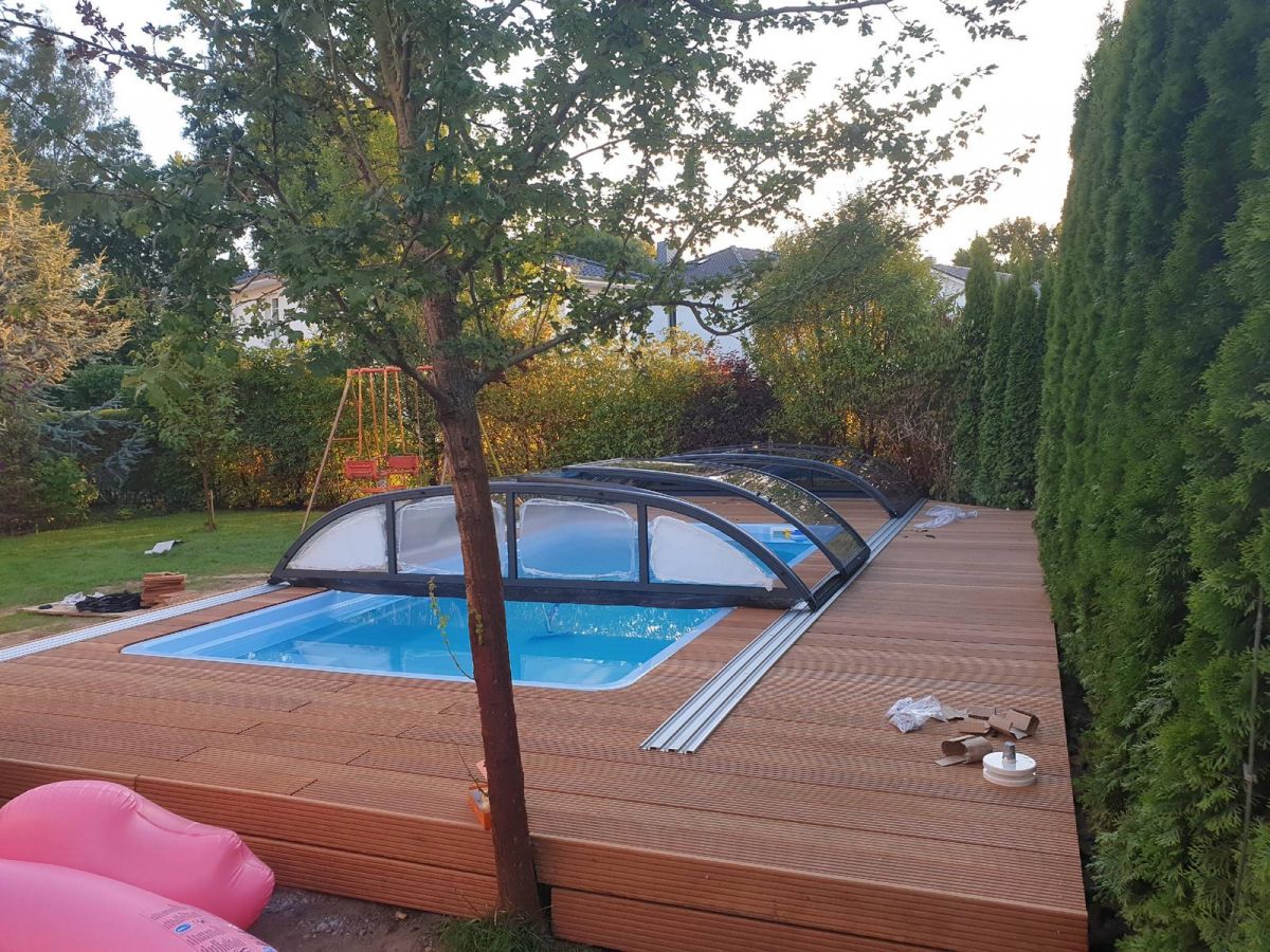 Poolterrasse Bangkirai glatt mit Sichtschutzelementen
************
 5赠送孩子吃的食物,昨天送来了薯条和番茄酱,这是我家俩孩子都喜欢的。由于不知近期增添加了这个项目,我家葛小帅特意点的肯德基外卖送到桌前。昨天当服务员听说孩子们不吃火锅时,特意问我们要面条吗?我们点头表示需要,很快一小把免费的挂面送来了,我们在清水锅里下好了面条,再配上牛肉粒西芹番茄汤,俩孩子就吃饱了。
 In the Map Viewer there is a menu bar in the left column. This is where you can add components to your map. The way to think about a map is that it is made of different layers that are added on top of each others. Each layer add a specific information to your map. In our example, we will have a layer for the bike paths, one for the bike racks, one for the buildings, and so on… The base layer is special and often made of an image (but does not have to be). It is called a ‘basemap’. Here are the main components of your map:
************
• Task details: Once you reach the line with "5赠送孩子吃的食物,昨天送来" in the data above, copy it and every line after it exactly, up to and including the line with "In the Map Viewer".

• Answer space:
 5赠送孩子吃的食物,昨天送来了薯条和番茄酱,这是我家俩孩子都喜欢的。由于不知近期增添加了这个项目,我家葛小帅特意点的肯德基外卖送到桌前。昨天当服务员听说孩子们不吃火锅时,特意问我们要面条吗?我们点头表示需要,很快一小把免费的挂面送来了,我们在清水锅里下好了面条,再配上牛肉粒西芹番茄汤,俩孩子就吃饱了。
 In the Map Viewer there is a menu bar in the left column. This is where you can add components to your map. The way to think about a map is that it is made of different layers that are added on top of each others. Each layer add a specific information to your map. In our example, we will have a layer for the bike paths, one for the bike racks, one for the buildings, and so on… The base layer is special and often made of an image (but does not have to be). It is called a ‘basemap’. Here are the main components of your map:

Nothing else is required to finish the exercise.